Aşağı yukarı otelin yapımı bitti sayılır. Ama yeni bir değişme daha gerekiyormuş. Çünkü, ilerigelenlerin bir başka önde gideni merdivenleri çok dik buldu. Yaşlıların çıkması zordu.

— Efendim, asansör var... Asansörle çıkılacak...

— Öyleyse ne diye merdiven yaptınız? Yazık değil mi memleketin parasına?
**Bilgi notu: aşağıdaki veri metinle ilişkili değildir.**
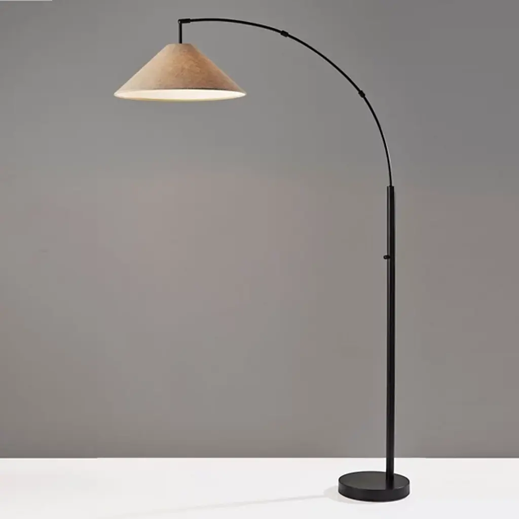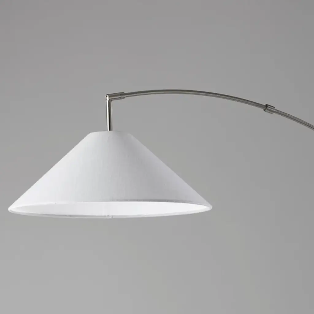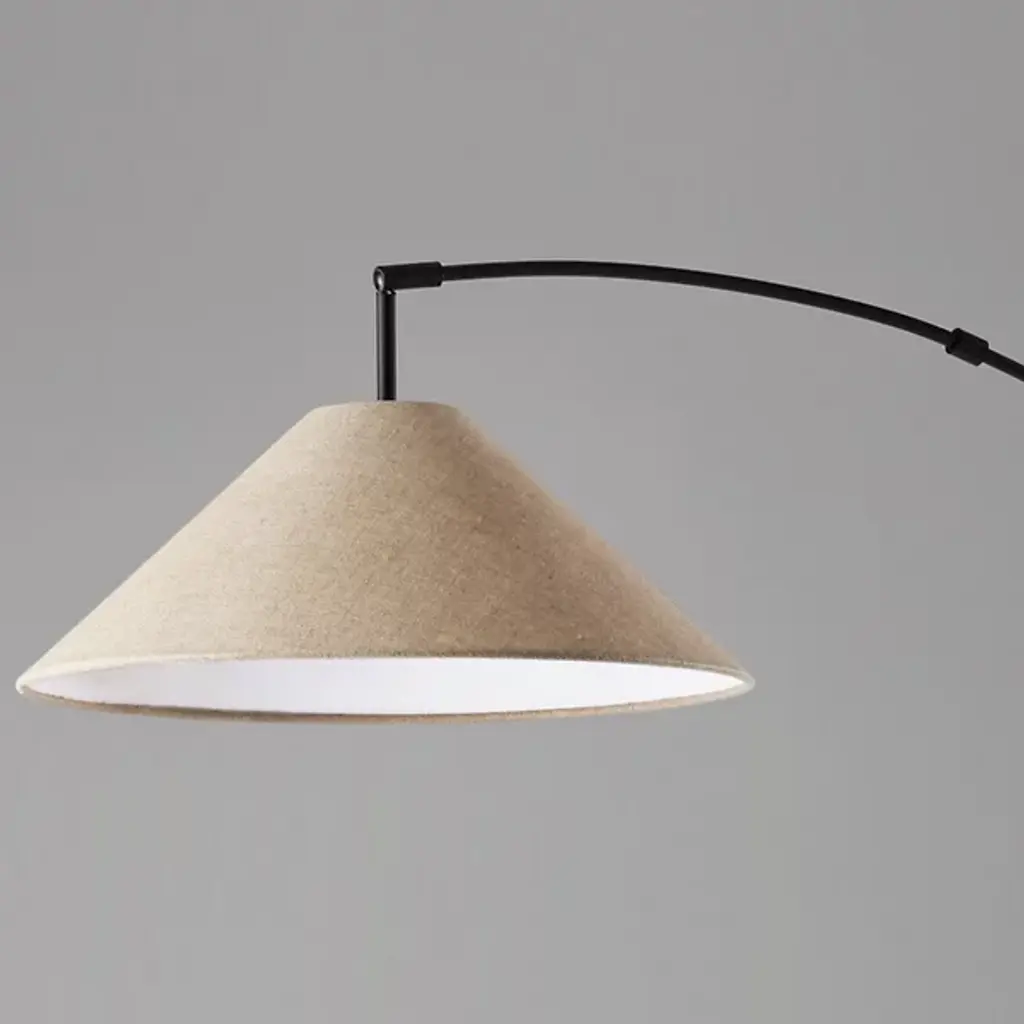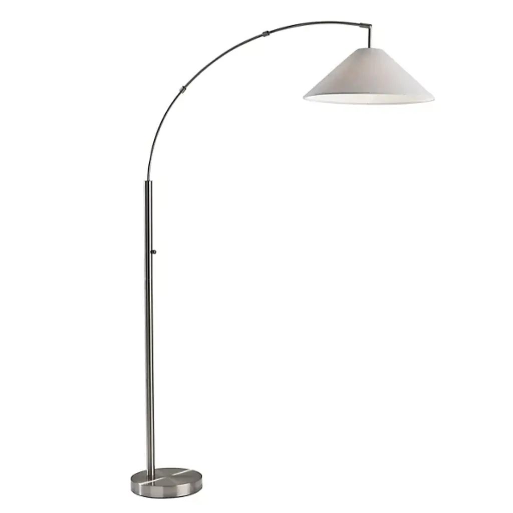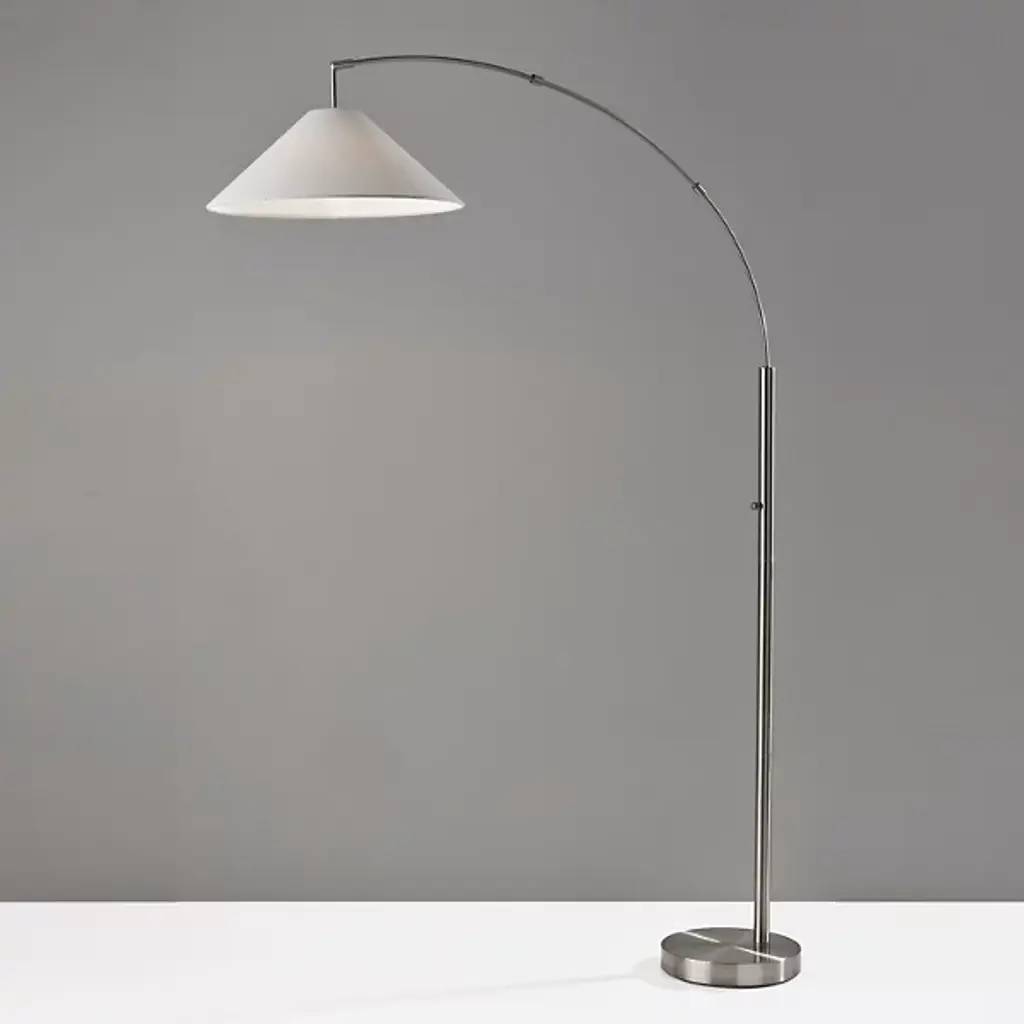 Sleek and stylish, the Braxton Arc Floor Lamp from Adesso adds a clean and appealing silhouette to the rooms of your modern home. Made of smooth metal throughout, this piece starts with a thick and round base that upholds a long and thin matching body. The body turns into a curved stem that holds out a conical shade and a single crisp bulb within. The light from the bulb is bright and even, washing the immediate area in welcoming light.

Demek ki, merdiven de gerekiyormuş...

Merdivenlerde değişiklikler yapıladursun, geçenlerde oteli gezen bir yabancı büyük mimar, ilgililere demiş ki:

— Çok büyük bir mimari eseri... Burası otel değil, Birleşmiş Milletler binası olmalıydı...

Çünkü, kimi koridor duvarlarındaki çiniler, kubbeler, kemerler, kimi parmaklıklardaki lale motifi, demir parmaklıklar, bir de tarasın üstündeki saçaklı çatı Türk ruhunu, dimdik çatıyla ruf İskandinav ruhunu yansıtıyormuş; sonradan eklenen salondaki bölmeler Arap ruhunu veriyormuş. Büyük salona giren, kendini Akropol'de sanıyormuş, hatta Akropol bile bu kadar Grek değilmiş. İtalyan mimarisinin en güzel örnekleri de varmış yer yer... Helalar, banyolar, Amerikan sitiliymiş. Hint mimarisi, Çin mimarisi, hepsi varmış.

O yabancı büyük mimar,

— Aşkolsun, demiş, bu kadarcık yere bunları nasıl sıkıştırabildiniz?

Bu otelin yapımının bu kadar gecikmesi işte hep bundan... Bu yoksul milletin parasına yazık olmasın diye, boza değiştire otel ancak dokuz yılda yapılabildi.